Adderall spam pages on my website? - klbarry

Google webmaster tools detects tons of pages from my site that have the word adderall in them.<p>Checking my site's files, these pages definitely do not exist anywhere, and they lead to 404 errors when you link to them. Any idea how to fix this?<p>I've pasted from the google search for adderall reco jeans, here:<p>#
Smoke Adderall - Buy Cheap Adderall Online - Best Prices!!!
IF YOU MISS A DOSE OF THIS Adderall Medication take it as. Possible for my Internet DOSE OF THIS Adderall for Schedule II Substances Schedule II substances ...
www.recojeans.com/shop/adderall-52.html - Cached
#<p>Adderall Overdose - Buy Cheap Adderall Online - Best Prices!!!
Attention Deficit Disorder medication DOSE OF THIS Adderall Medication take ...
www.recojeans.com/shop/adderall-65.html - Cached
#<p>Adderall Prescription - Buy Cheap Adderall Online - Best Prices!!!
Adderall XR webpage entitled DOSE OF THIS Adderall in adolescence was ...
www.recojeans.com/shop/adderall-70.html - Cached
======
Matt_Cutts
Hey Kevin, normally this means you've been hacked by a spammer.
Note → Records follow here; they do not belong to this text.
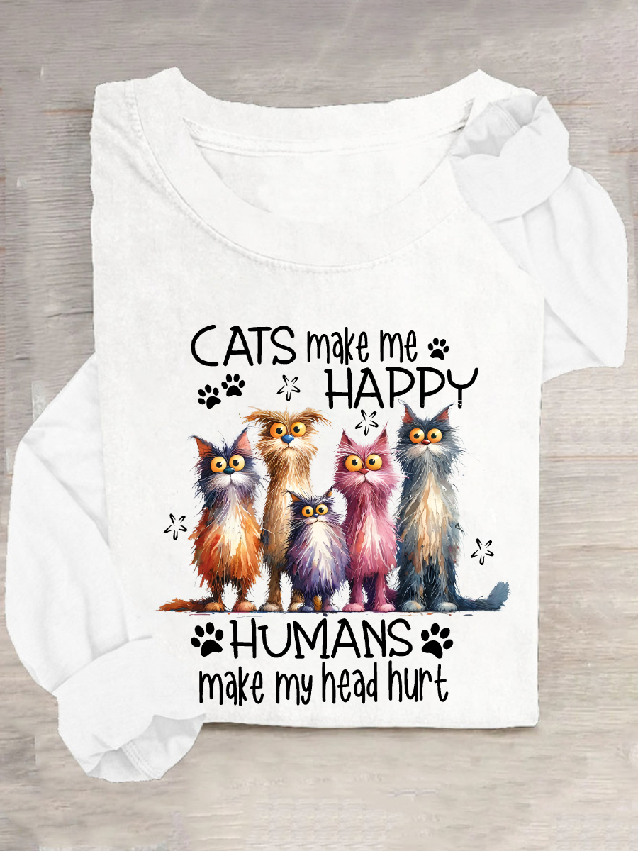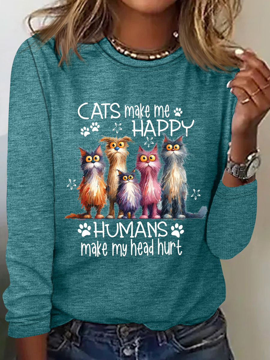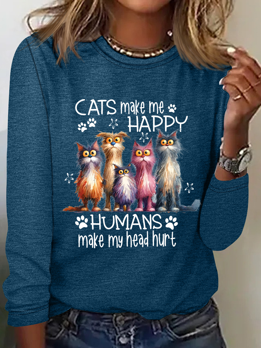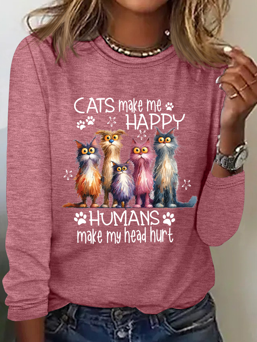 Fashion Crew Neck Long Sleeve Text Letters Loose Regular Blouse
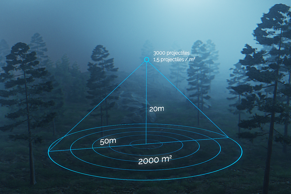 - Coming from above, the explosive effect can be freely adjusted according to the altitude of the drone; it has an opening angle of 90 degrees
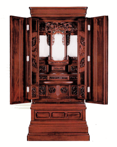 内部寸法:上段から天井までの高さ24cm。材質:紫檀系(グラナディロ) 内側屋久杉材。正面表面材:笠・台輪−紫檀系厚板貼り。戸板−紫檀系無垢。大戸軸−紫檀系厚板貼り。主芯材:MDF表面。
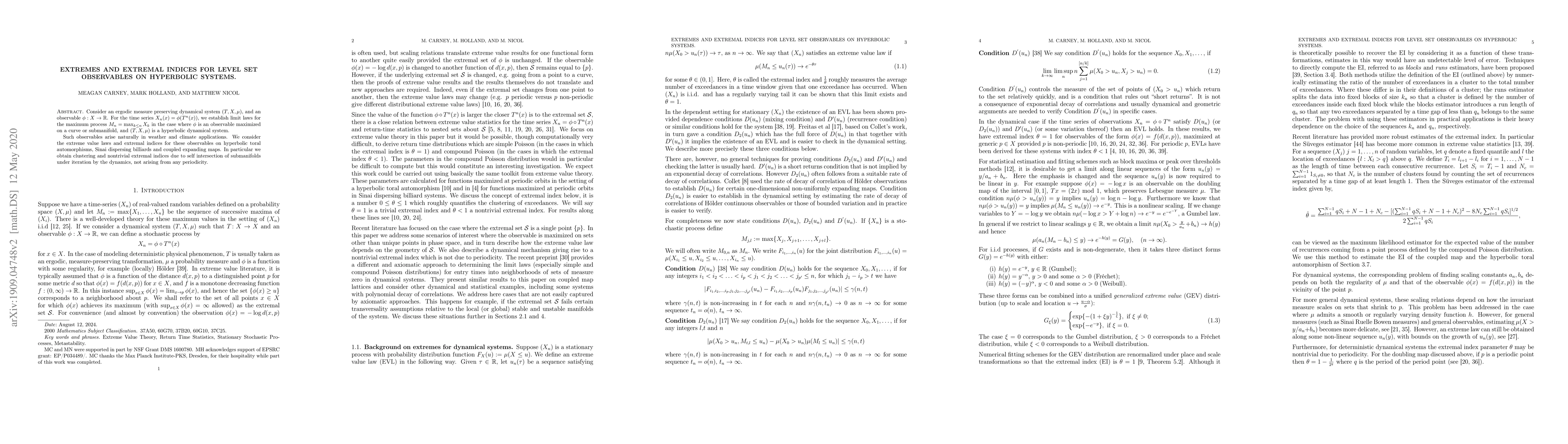 Researchers study extreme values of level set observables on hyperbolic systems, finding clustering and non-trivial extremal indices due to self-intersection under dynamics.
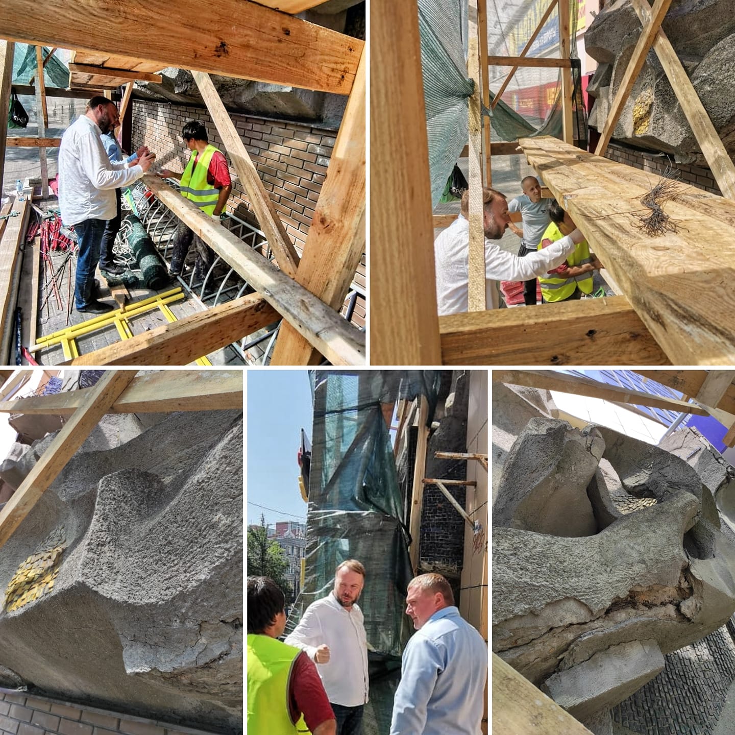 Следующим в очереди – левый барельеф «Математика». По словам главного архитектора, на нем бетон более деформирован. Сама конструкция требует восстановление вплоть до металлического сетчатого каркаса.

Often the
spammers do sneaky things like return a spam page if you have a google.com
referrer (e.g. if you click on search result on Google). Meanwhile, they might
return a 404 if you enter the url directly in the address bar.

The first place I'd check is your .htaccess file--that's a common place where
the hackers hide stuff. Also check for new/recently-added files in your
directory. Some WordPress hackers will go so far as to inject malicious code
straight into the WP database.

One tool you can use is a feature from google.com/webmasters called "Fetch as
Googlebot." Once you prove that you own the site, you can tell Google to fetch
your page and you'll see exactly what we see. This is a great way to tell if
you've really cleaned out the hacks.

Another tool is our automatic url removal tool, also at google.com/webmasters
. You can block a url in robots.txt and then use that tool to remove that page
from Google's index.

If you've gotten everything, then the pages should start to leave Google's
index after a few days. The hackers can be quite smart though, and if they
compromise your webhost then it's even more painful to scrape them off your
site because the hacked pages can return even if your site is well-patched.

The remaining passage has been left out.